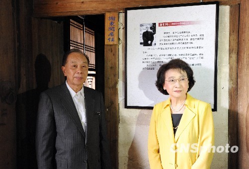 11月8日,前來中國國民黨直屬臺(tái)灣黨部舊址——福建永安復(fù)興堡參觀的臺(tái)灣實(shí)踐大學(xué)董事長、原臺(tái)灣副領(lǐng)導(dǎo)人謝東閔之子謝孟雄(左)與夫人中國國民黨原副主席、中國國民黨中央評(píng)議委員會(huì)主席團(tuán)主席林澄枝(右)在該舊址內(nèi)其父謝東閔居住過的房間前合影留念。位于福建永安燕西街道文龍村內(nèi)的復(fù)興堡,始建于清代,與福建戰(zhàn)時(shí)省會(huì)永安一起見證了抗戰(zhàn)風(fēng)云。為了便于進(jìn)一步開展工作,1943... 中新社發(fā) 劉可耕 攝
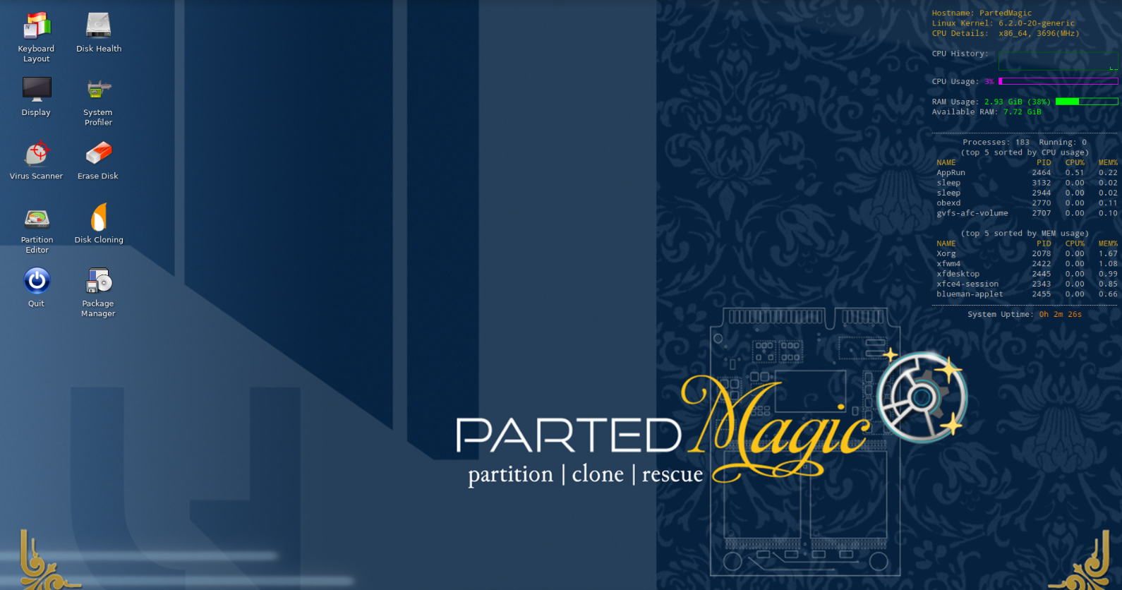 - Boot your system from this USB and enter the Parted Magic desktop.
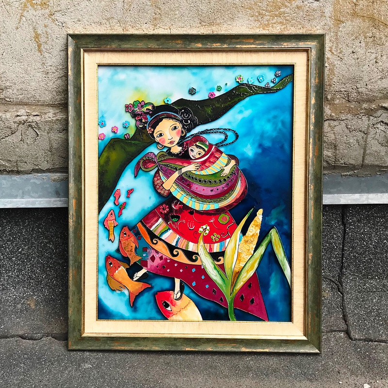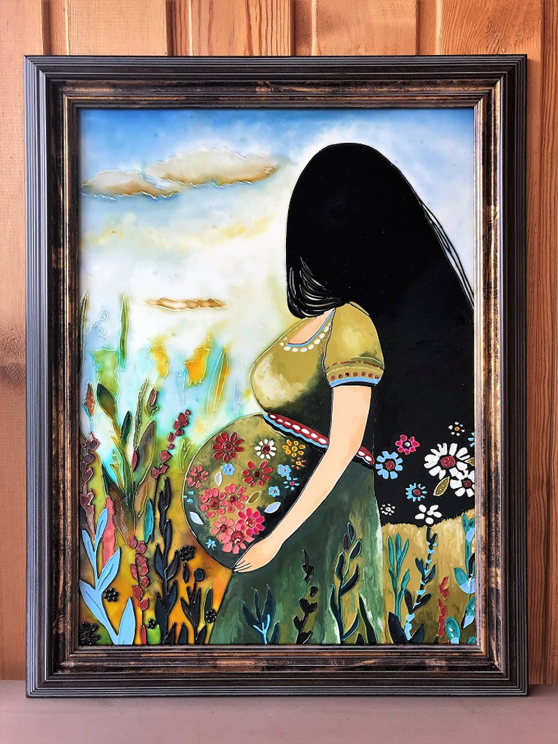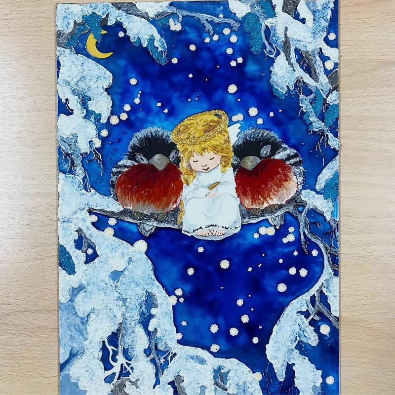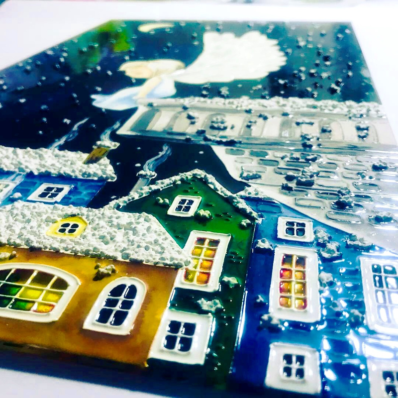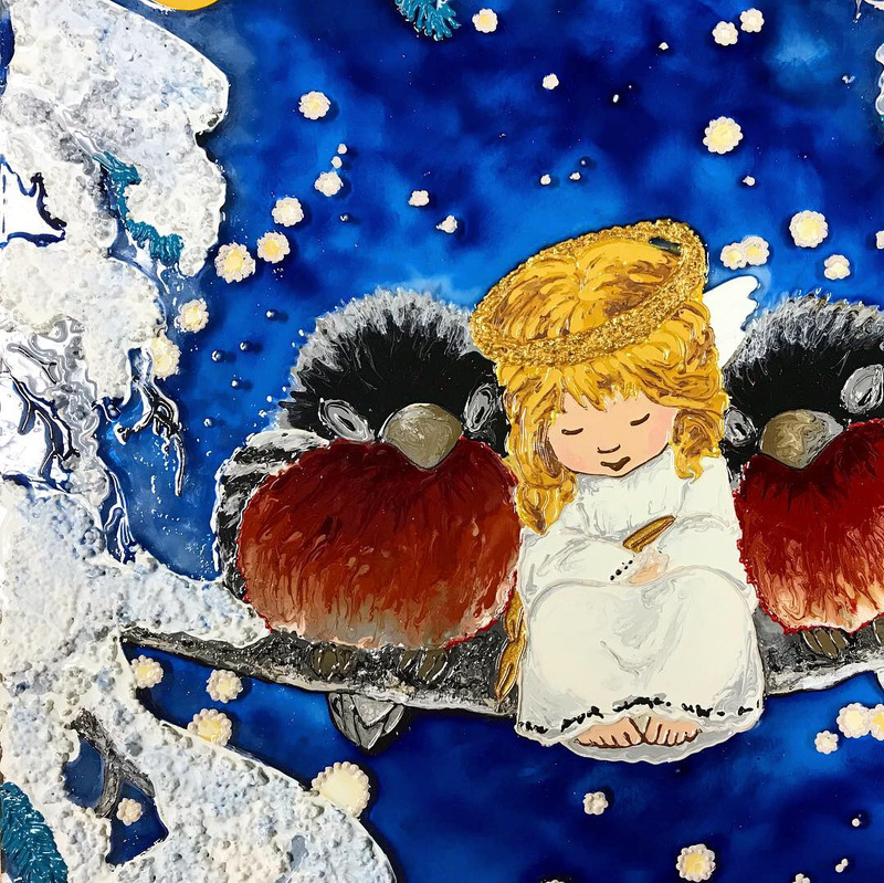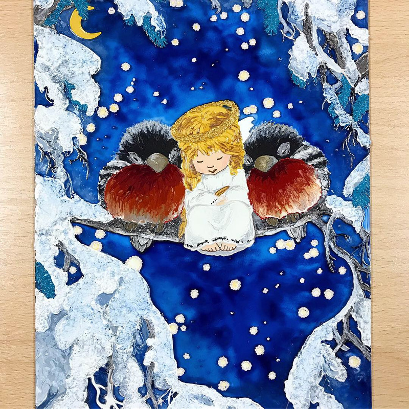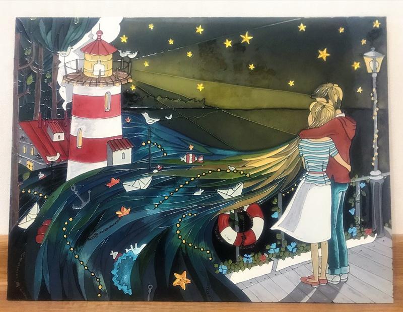Еще одна работа. За основу взята картина Claudia Tremblay.Размер 30*39 см. Стекло толщиной 4 мм.
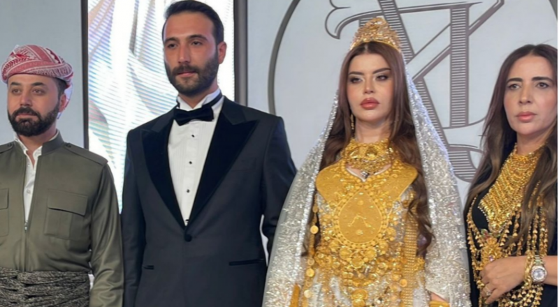 اضطرت عروس عراقية إلى الجلوس خلال حفل زفافها في مدينة شانلي أورفا التركية، بعدما أثقلتها كميات كبيرة من الذهب التي كانت ترتديها أثناء المراسم.

+-------+

- _Your assignment_
Retype the line containing "- Boot your" and all lines after it through the end of the material, exactly and only those, leaving out pictures.

- _Output below_
 - Boot your system from this USB and enter the Parted Magic desktop.
Еще одна работа. За основу взята картина Claudia Tremblay.Размер 30*39 см. Стекло толщиной 4 мм.
 اضطرت عروس عراقية إلى الجلوس خلال حفل زفافها في مدينة شانلي أورفا التركية، بعدما أثقلتها كميات كبيرة من الذهب التي كانت ترتديها أثناء المراسم.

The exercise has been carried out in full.